_Your instructions:_
Repeat the span of the entries below that starts at the line with "위 사이트에서 가장 최신버전의" and ends at the line with "de 100 KG |", nothing more. Skip the pictures.

_Input material:_

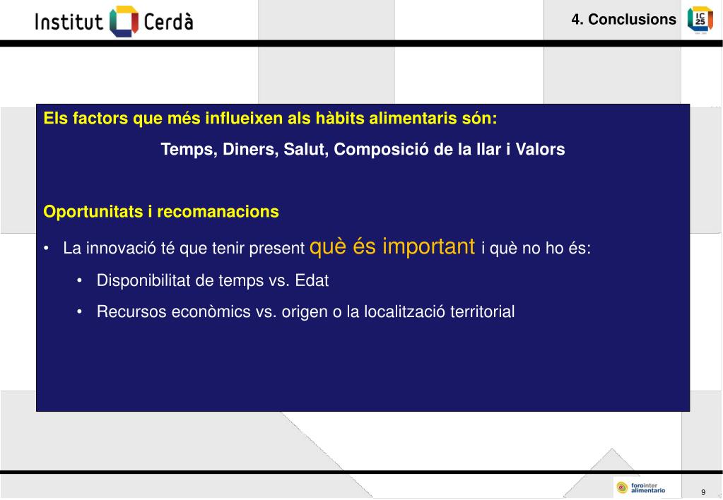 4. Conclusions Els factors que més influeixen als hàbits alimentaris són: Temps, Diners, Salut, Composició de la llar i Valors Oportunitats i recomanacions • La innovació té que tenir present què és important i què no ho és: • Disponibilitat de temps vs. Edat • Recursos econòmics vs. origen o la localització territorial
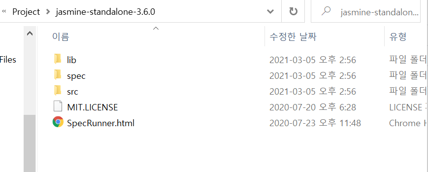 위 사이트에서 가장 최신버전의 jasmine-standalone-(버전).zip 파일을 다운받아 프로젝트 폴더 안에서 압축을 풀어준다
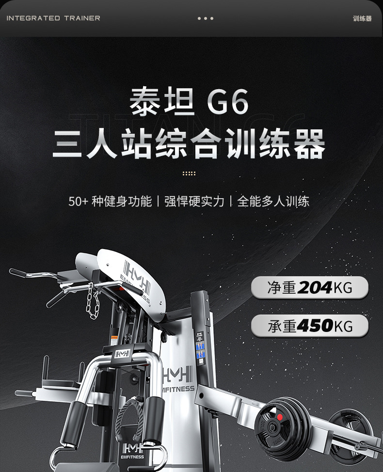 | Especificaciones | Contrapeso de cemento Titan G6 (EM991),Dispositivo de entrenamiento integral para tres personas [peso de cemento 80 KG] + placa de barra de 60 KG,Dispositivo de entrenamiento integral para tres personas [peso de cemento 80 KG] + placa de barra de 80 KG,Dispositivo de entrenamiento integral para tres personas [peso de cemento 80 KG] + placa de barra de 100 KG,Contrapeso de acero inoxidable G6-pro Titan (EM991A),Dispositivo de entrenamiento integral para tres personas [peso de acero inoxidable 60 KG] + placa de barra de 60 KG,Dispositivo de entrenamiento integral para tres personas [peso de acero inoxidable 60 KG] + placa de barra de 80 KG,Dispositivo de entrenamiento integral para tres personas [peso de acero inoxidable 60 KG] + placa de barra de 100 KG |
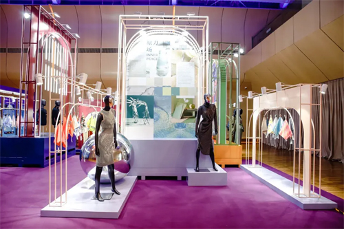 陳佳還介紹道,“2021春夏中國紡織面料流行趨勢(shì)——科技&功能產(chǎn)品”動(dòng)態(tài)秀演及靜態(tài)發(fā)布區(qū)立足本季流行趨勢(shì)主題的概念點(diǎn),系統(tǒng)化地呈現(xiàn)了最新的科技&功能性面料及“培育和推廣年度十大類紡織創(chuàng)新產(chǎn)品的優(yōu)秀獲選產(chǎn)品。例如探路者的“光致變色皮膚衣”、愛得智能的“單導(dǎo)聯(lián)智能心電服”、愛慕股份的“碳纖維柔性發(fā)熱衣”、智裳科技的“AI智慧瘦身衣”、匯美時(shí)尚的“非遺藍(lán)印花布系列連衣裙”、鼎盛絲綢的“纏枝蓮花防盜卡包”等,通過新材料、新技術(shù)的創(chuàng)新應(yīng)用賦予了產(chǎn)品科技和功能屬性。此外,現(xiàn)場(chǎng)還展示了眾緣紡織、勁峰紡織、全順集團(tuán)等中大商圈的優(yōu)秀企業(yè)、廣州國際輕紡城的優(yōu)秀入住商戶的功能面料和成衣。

==

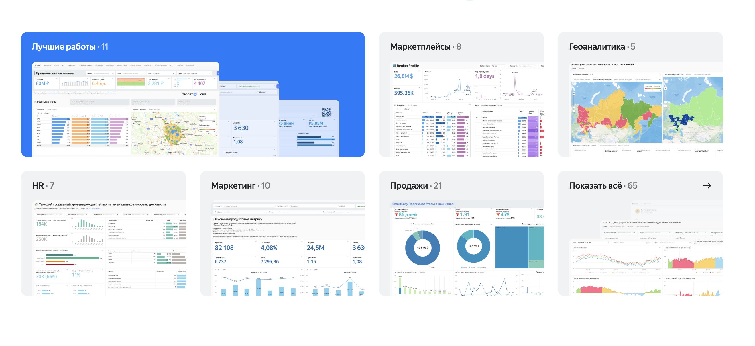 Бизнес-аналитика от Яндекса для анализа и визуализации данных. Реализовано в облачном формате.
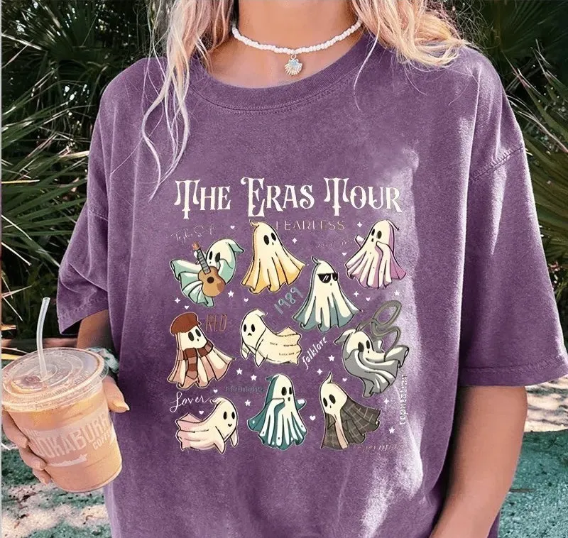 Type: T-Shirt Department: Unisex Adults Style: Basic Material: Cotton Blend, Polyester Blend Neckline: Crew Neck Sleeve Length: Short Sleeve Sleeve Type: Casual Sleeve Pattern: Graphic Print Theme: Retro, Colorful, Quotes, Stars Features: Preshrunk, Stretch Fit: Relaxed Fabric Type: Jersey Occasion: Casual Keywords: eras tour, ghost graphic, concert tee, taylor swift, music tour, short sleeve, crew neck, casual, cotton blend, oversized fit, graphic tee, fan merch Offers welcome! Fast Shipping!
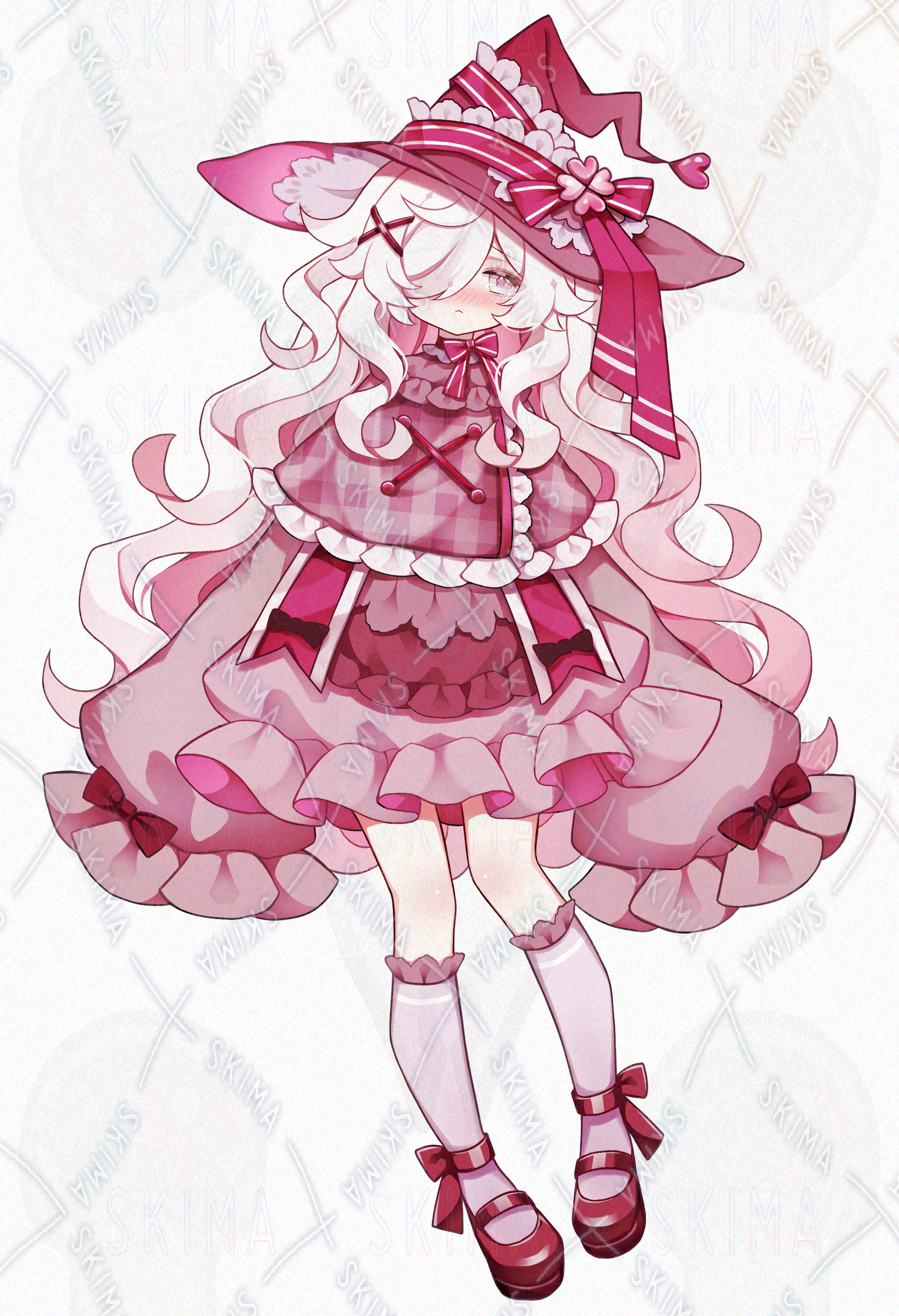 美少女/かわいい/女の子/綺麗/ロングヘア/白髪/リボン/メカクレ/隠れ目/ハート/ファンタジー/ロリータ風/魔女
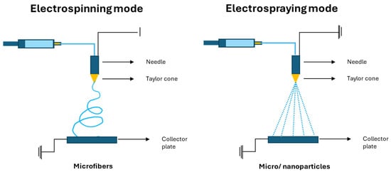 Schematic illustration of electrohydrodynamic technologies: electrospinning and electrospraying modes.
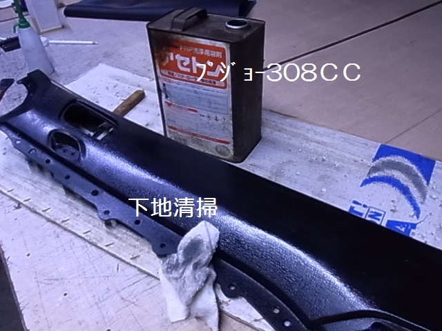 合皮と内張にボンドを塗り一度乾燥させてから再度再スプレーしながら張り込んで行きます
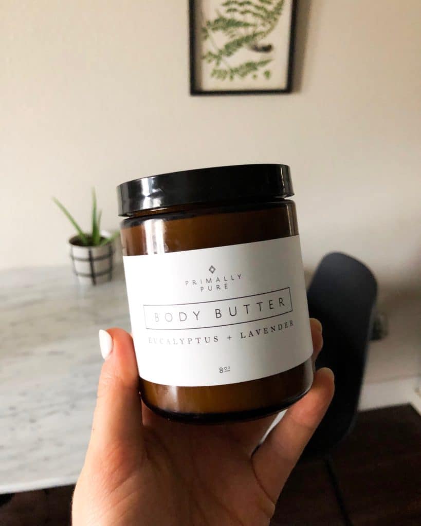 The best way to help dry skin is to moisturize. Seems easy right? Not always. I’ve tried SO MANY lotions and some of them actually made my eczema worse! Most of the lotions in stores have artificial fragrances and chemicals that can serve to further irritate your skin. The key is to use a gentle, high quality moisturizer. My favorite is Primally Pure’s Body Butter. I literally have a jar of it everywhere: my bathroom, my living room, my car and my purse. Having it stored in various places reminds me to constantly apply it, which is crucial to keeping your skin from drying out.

_Task result:_
 위 사이트에서 가장 최신버전의 jasmine-standalone-(버전).zip 파일을 다운받아 프로젝트 폴더 안에서 압축을 풀어준다
 | Especificaciones | Contrapeso de cemento Titan G6 (EM991),Dispositivo de entrenamiento integral para tres personas [peso de cemento 80 KG] + placa de barra de 60 KG,Dispositivo de entrenamiento integral para tres personas [peso de cemento 80 KG] + placa de barra de 80 KG,Dispositivo de entrenamiento integral para tres personas [peso de cemento 80 KG] + placa de barra de 100 KG,Contrapeso de acero inoxidable G6-pro Titan (EM991A),Dispositivo de entrenamiento integral para tres personas [peso de acero inoxidable 60 KG] + placa de barra de 60 KG,Dispositivo de entrenamiento integral para tres personas [peso de acero inoxidable 60 KG] + placa de barra de 80 KG,Dispositivo de entrenamiento integral para tres personas [peso de acero inoxidable 60 KG] + placa de barra de 100 KG |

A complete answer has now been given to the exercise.